Wayne Duplessis, who lives in Wuhan with his wife and two sons, says he isn't confident that safety measures around travel can adequately protect against infection. 

The World Health Organization declared the outbreak, which has killed 170 people, a public health emergency of international concern on Thursday.

On Wednesday, Foreign Affairs Minister François-Philippe Champagne said the government has chartered an aircraft to repatriate Canadians, and is working with diplomats to organize their extraction from the quarantined region. He said 160 Canadians have requested consular services to date.

Duplessis told The Current's Matt Galloway about why he won't be joining them. Here is part of their conversation.

Why don't you want to get on a plane out of Wuhan, back to Canada? 

My concern is about the nature of this virus. The fact that there's a 14-day incubation period, that we don't know if we are carrying it. We may be asymptomatic for a very long time ... so there is the chance that we could unwittingly infect someone else. You're in a pressurized environment with recycled air.

It's not that we don't want to go. We would certainly like to leave, if the safety measures were in place. 

Wayne Duplessis with his wife, Emily, and their 15-year-old son Wyatt. (Submitted by Wayne Duplessis)

Chinese authorities have said that they won't actually let people who are sick board any planes that are leaving the country. Does that reassure you at all?

Not really. And I'm not saying that to be difficult. We might not know, you might not know unless the test is done. And I know they're getting better at doing these tests.

Can you understand why other Canadians want to leave? They want to be on that first plane, as soon as they can get out of Dodge.

Completely. I mean, you want to blow this Popsicle stand and you want to go home. You've got a baby, you've got young children, you've got a life, you want to get out.

I do not judge anyone in that way. You make the decision for your own family. 

"No cases, and no sick people, will be leaving that city," says Tam.

5 years ago
Duration 1:40
Canada's Chief Public Health Officer Theresa Tam said Chinese authorities will not allow anyone who may be infected with coronavirus to board a plane out of Wuhan.

What is life like in Wuhan right now? I mean, this is a city that we keep describing as being under lockdown. What is it like there? 

It is very much under lockdown. I've got two children here. I've got a 15-year-old son, he's our youngest. And I've got a son who is 38. And he's in on the other side of the city. 

We haven't been able to see him since the lockdown. Now, we talk every day on WeChat. But, you know, we'd like to see him, and we certainly want to know that he's OK.

And you can't see him because you can't go across town. Is that it?

There's no taxis, there's no subways, there's no buses, there's no private cars allowed on the road. 

What is that like, to be separated from him?
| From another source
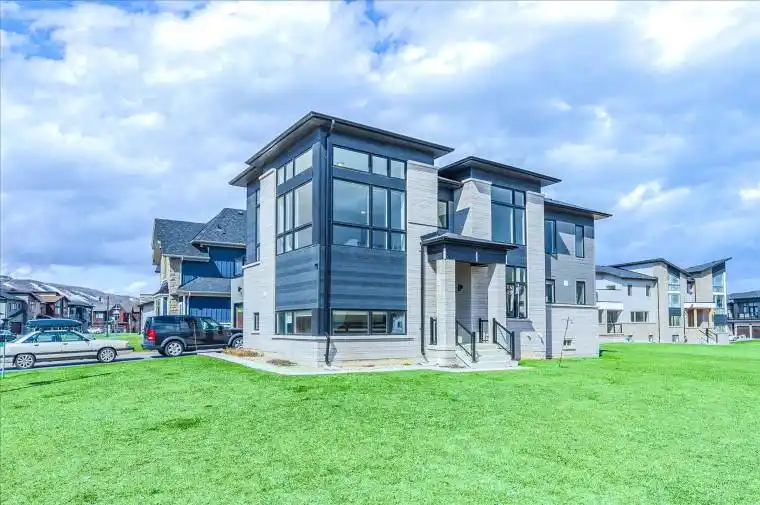 Welcome to a rare corner-lot retreat where mountain elegance meets effortless village living. Just an easy 8-minute walk to the heart of Blue Mountain Village, this exceptional home places world-class skiing, fine dining, spas, boutique shopping, and vibrant après-ski moments right at your doorstep-while still tucked into a quiet, upscale enclave.Inside, soaring 20-foot vaulted ceilings and expansive floor-to-ceiling windows flood the home with natural light. Wide-plank engineered hardwood flows through a bright, open-concept layout designed for both entertaining and unwinding after a day on the hill. The chef-inspired kitchen features modern upgrades and opens seamlessly to a lodge-style great room, complemented by a flexible office/den-perfect for hosting guests or creating a calm work-from-home escape.Upstairs, the primary suite is a true sanctuary with dramatic ceiling heights, a walk-in closet, and a spa-like 5-piece ensuite. Two additional bedrooms enjoy direct access to an elevated wraparound balcony, offering sweeping panoramic views-ideal for morning coffee or sunset wine.With 3,655 sq. ft. of finished living space plus a substantial 1,869 sq. ft. lower level ready to be customized as a gym, theatre, wine cellar, or games room, this home offers exceptional versatility to suit your lifestyle.As a member of the Blue Mountain Village Association, residents enjoy premium resort privileges including a private shuttle, members’ beach club, and exclusive amenities-enhancing the ultimate après-ski indulgence. With year-round events, renowned dining, and outdoor adventure moments away, this property captures the very essence of luxury ski-village living.
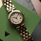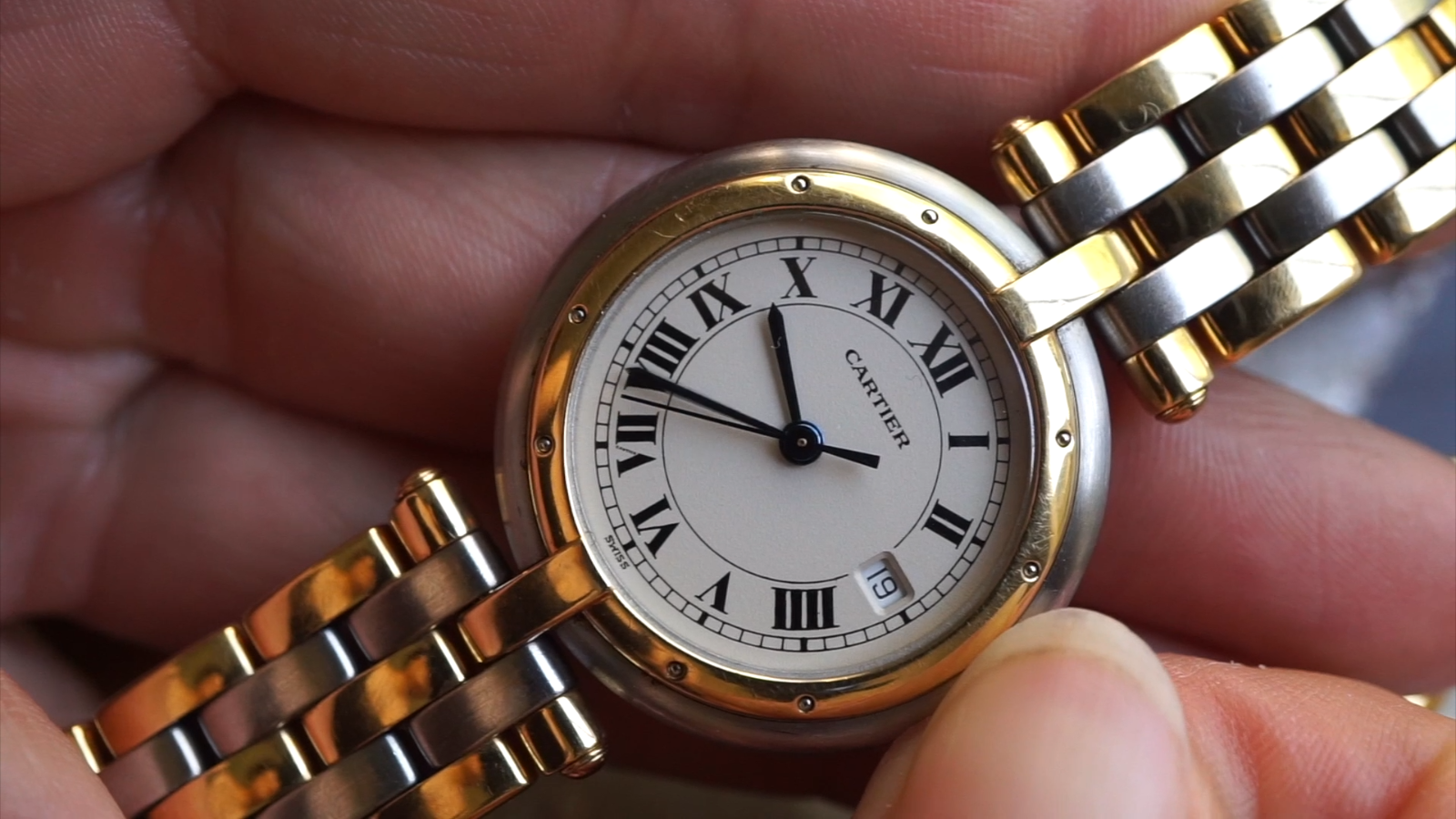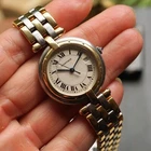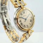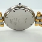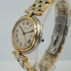 Cartier Panthere Vendome 3 Row 18k Gold & Steel with Date 30 mm 1990s A preowned Cartier Vendome in stainless steel and 18k yellow gold, crafted during the 1990s. Classic vendome case in 30 mm size featuring a white grained dial with black Roman numeral hour indices with secret Cartier logo at 7 o’clock, outer minute track, blued-steel sword-shaped hands and sweep second, and date aperture for 3 o’clock. Powered by a quartz movement. Fitted with a Cartier steel and 3-row gold bracelet reminiscent of the Panthere, with butterfly closure. A nice little classic serving a variety of occasions. Original dial, hands, and sapphire crown. Case measures 30 x 37 mm, 6.5 mm thick. Cartier quartz movement. 16320 Serial 1839xx Cartier steel and 18k gold bracelets fits 6 7/8 inches approximately. 15 mm lug width. Only watch itself. Modeled on 6 inch wrist. This Cartier Vendome watch has had a new battery installed by our watchmaker, it runs and is ready to wear and be enjoyed. Guaranteed original, please ask all questions before you buy. *Please view all of our photos as they are part of our description. Please ask for more information if interested. See our high end watch auctions. By bidding on our item you agree to our listed terms, thank you. Please join our eBay Newsletter for weekly updates as more items are continually uploaded to our site. Payments : Payments are due in 2 days. Direct eBay Payments only. eBay does collect sales tax. Buyers pay insured shipping. International buyers: We cannot ship to China, Spain or Russia at this time, we apologize for any inconvenience. We ship insured international -No gifts, Low values, etc... All customs & duties are your responsibility. Import duties, taxes and charges are not included in the item’s shipping costs. Please check with your country’s custom regulations to determine additional charges prior to buying or bidding, these charges are normally collected by the delivery freight (shipping) company or when you collect the item. Please do not confuse them for additional shipping charges from us.

You're in the same city, but you can't actually see him as this story unfolds. 

It's very difficult and it's certainly difficult for his mother as well, certainly for his younger brother, worried about his older brother.

When you go out on the streets, are there people there or is it a bit like a ghost town?

It's a bit like a ghost town. That's the feeling. It's quite eerie; it's quite quiet. 

For a city of 11 million, it is very quiet now. Most people [who] are here, you don't see them until at night. You see the lights on in apartments across the way.

What are you doing in the midst of all of this to stay healthy?

Keeping a routine, I think is the most important thing. I mean, we're trying to eat as well as we can, but getting up in the morning, making our beds, going to the shower, doing all the things that we would normally do — eating breakfast together as we normally do.

But then it changes, and then, you know, instead of going off to school, then we have to find things to do.